Understanding Producers Versus Consumers

The server and UDF form a producer and consumer relationship when exchanging rows of data.

Production and consumption refer to table row data. The producer produces table rows; the consumer consumes table rows.

The server executes scalar and aggregate UDFs once for each matching row of a query. These UDFs consume input scalar parameters and produce, and return, a single scalar parameter. This data exchange occurs during the evaluate method using the get_value() and set_value() APIs.

However, scalar production and consumption is an inefficient method of data exchange if your UDF must produce or consume a table. Table UDFs that produce a table, and TPFs that consume a table, use the row block data structure of the v4 API. Row blocks allow for bulk row and column data exchange. The row block is populated by a producer, and read from by a consumer.

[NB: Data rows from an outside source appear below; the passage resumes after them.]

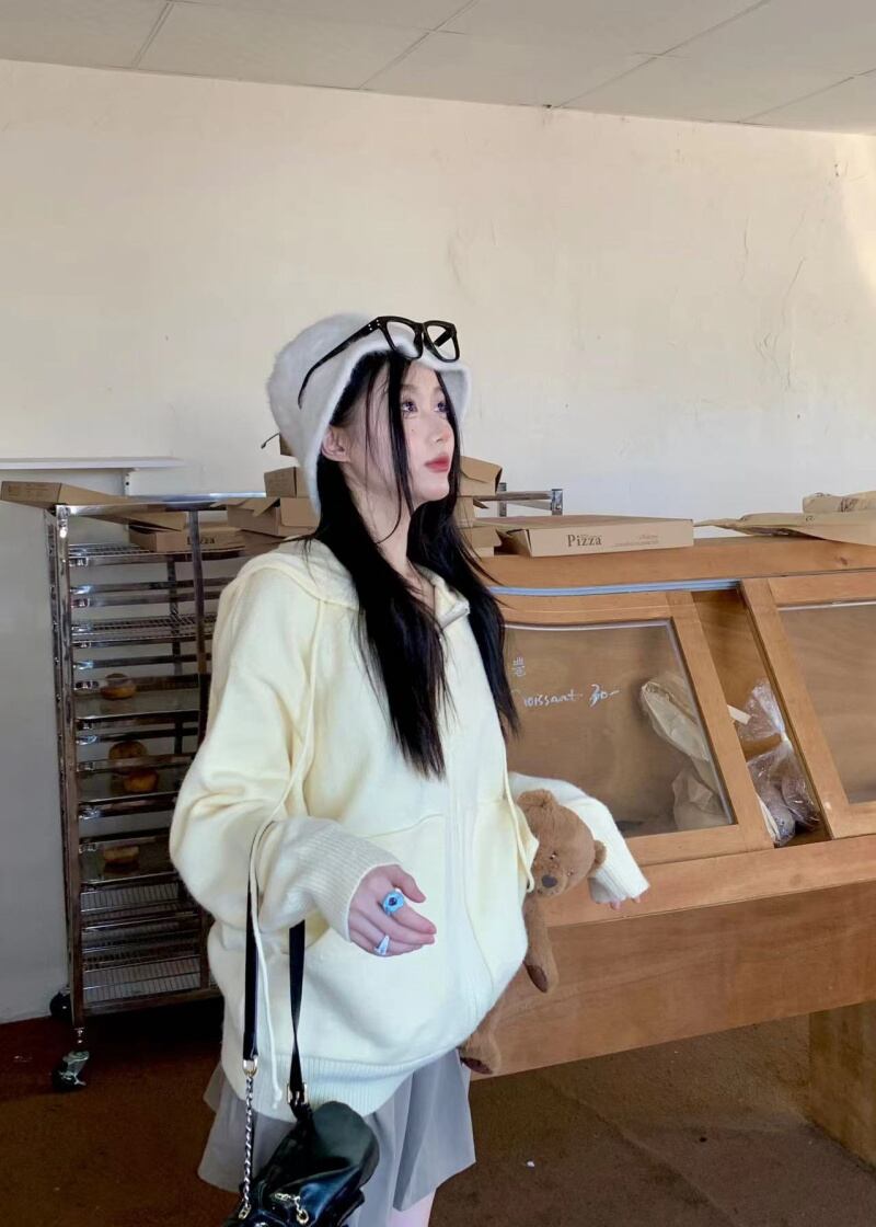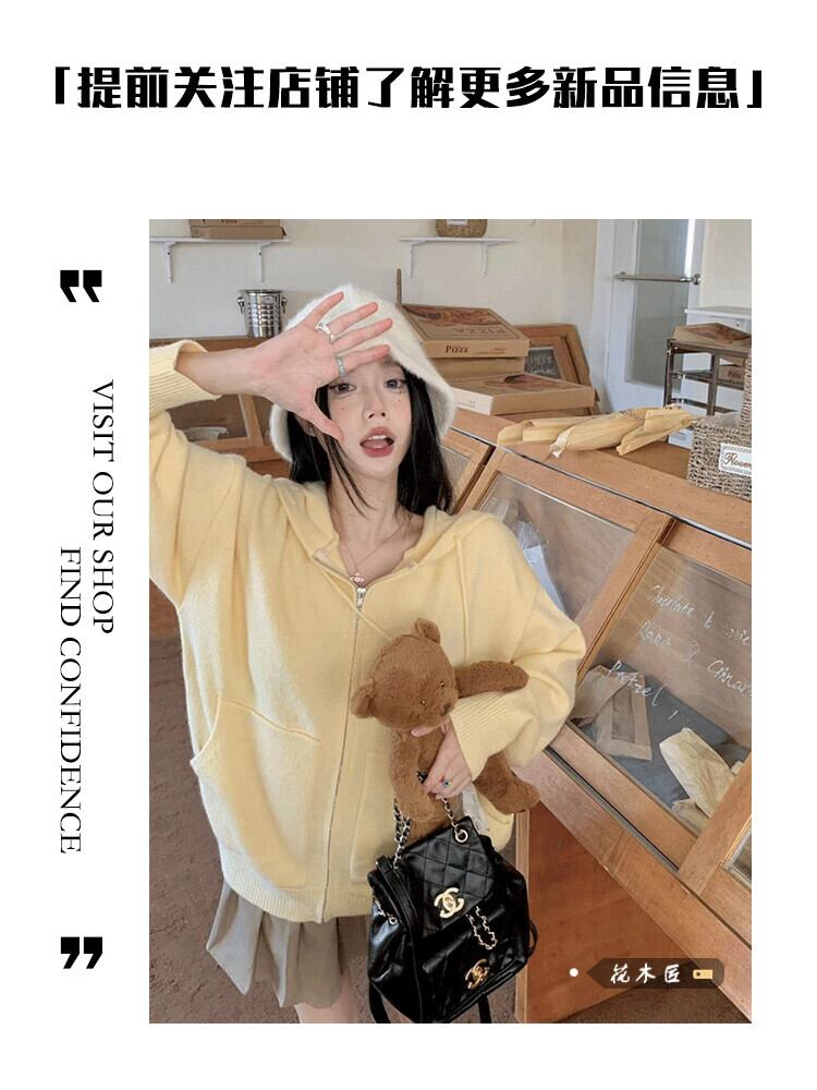 イエローフードセーター コート オータムニットカーディガントップス ロング 秋物 10/5 秋冬 オータム ウインター ナチュラル mi4657653341750
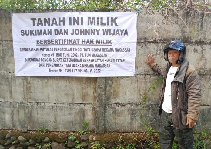 Makassar, Berita-Kita | Pengadilan Tata Usaha Negara Makassar mengabulkan permohonan penggugat Sukiman dan Johnny Wijaya atas lahan yang berada di Jl Ir. Soetami samping Tol. Sukiman Cs memenangkan gugatan di PTUN Makassar melawan Jeffry Wiseng NG berdasarkan kepemilikan SHM atas dasar rincik Persil 20 SII Kohir 153 CI.
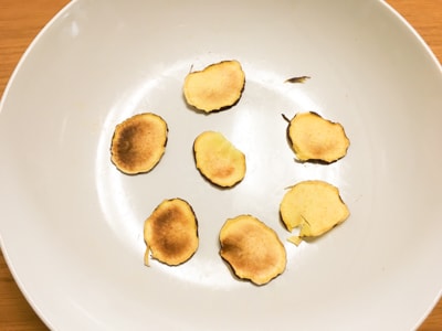ジャガイモと全く同じ手順で、サツマイモのチップスも作ってみました。実際に食べてみたところ、サツマイモ本来の甘みを感じることができ、歯ごたえもあるので、少量で満腹感を得ることができます。ダイエットにピッタリのおやつですね!
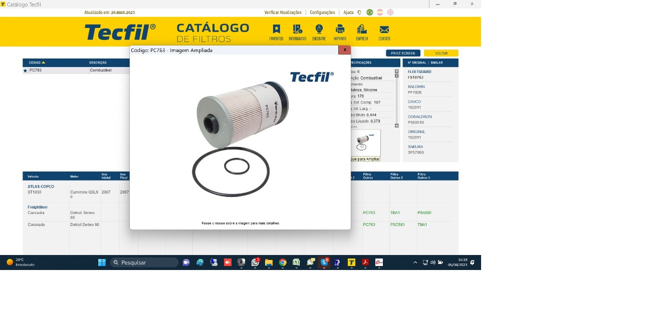47236 - FILTRO ROTATIVA SCANIA 124 P/G/R NTG MOTOR DC9 DC13 C/ANEIS BORRACHA
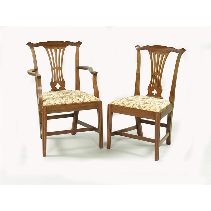 A set of eight 19th century mahogany dining chairs, comprising: a pair of open armchairs and six side, with later covered drop-in seats. (8). Old restoration.
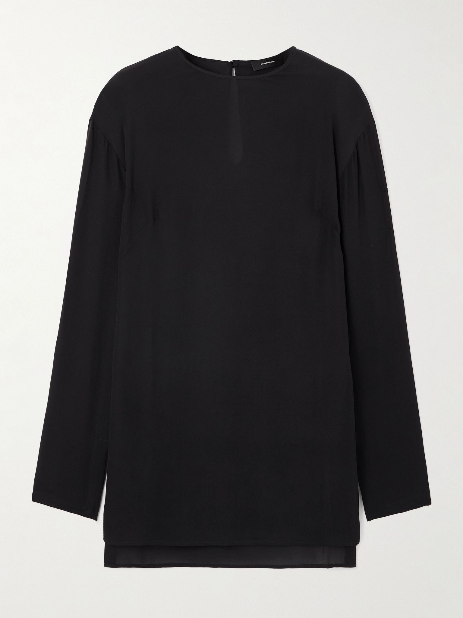WARDROBE.NYC's blouse is made from silk-georgette that's slightly sheer, so be sure to underpin yours with a tonal bralette or tank. Designed for a relaxed fit, it has split cuffs and a subtle high-low hem. Layer yours over a slip skirt. Size & Fit - Fits true to size, take your normal size - Designed for a slim fit - Lightweight, non-stretchy fabric - Model is 175cm/ 5'9" and is wearing a size Small Model measurements: - Bust: 79cm/ 31" - Waist: 61cm/ 24" - Hip: 89cm/ 35" Details & Care - Black silk-georgette - Button-fastening keyhole at back - 100% silk - Dry clean

In this example, the table UDF my_table_udf() is a producer of data. SAP Sybase IQ, the server, is the consumer of the data:

SELECT * FROM my_table_udf()

In general, a table UDF is always a producer of data. The server, however, may not always be the consumer:

SELECT * FROM my_tpf( TABLE( SELECT * FROM my_table_udf() ) )

The outer TPF, my_tpf(), is the consumer for the table input parameter specified by SELECT * from my_table_udf(). SAP Sybase IQ is the consumer of the table produced by the my_tpf() TPF. A TPF, therefore, can be both a consumer and a producer.

The TPF does not have to consume from a table UDF. In this example, the TPF consumes the table data produced by the inner query, which is produced by the SAP Sybase IQ server:

SELECT * FROM my_tpf( TABLE( SELECT * FROM my_table where my_table.c1 < 10 ) )

In a TPF, therefore, SAP Sybase IQ can be both the consumer and producer of table data.

In the v4 API, a row block defines a memory area where data is produced to, and consumed from. In general, the layout of a row block conceptually matches the row and column format of the table; a row block consists of a number of rows, and each row consists of a number of columns. Either the producer or consumer must allocate the row block, and must also deallocate it when the time comes.

Rows and column have their own specific attributes that only apply to them. For example, rows have a status flag which indicates if the row is present or not. This flag lets a TPF change the row status without having to move the column data. Columns have a null mask that indicates if the data value is null or not. Row blocks also have some additional attributes: maximum number of rows, and current number of rows, for example. These row block attributes are useful when a UDF wants to create a row block to handle a large set of rows, but produce a smaller number of rows as required.

The process of consuming a row is handled via one of the two fetch APIs:

The fetch_into is called when the consumer allocates the row block and passes it to the producer. The producer is then requested to populate as many rows as possible, up to the maximum number of rows. The fetch_block is called when the consumer wants the producer to allocate the row block. Fetch_block is efficient if you are developing a TPF that filters rows of data. The server (consumer) allocates the row block and fetches from the TPF using the fetch_into API. The TPF can then pass the same row block to the input parameter using the fetch_block API.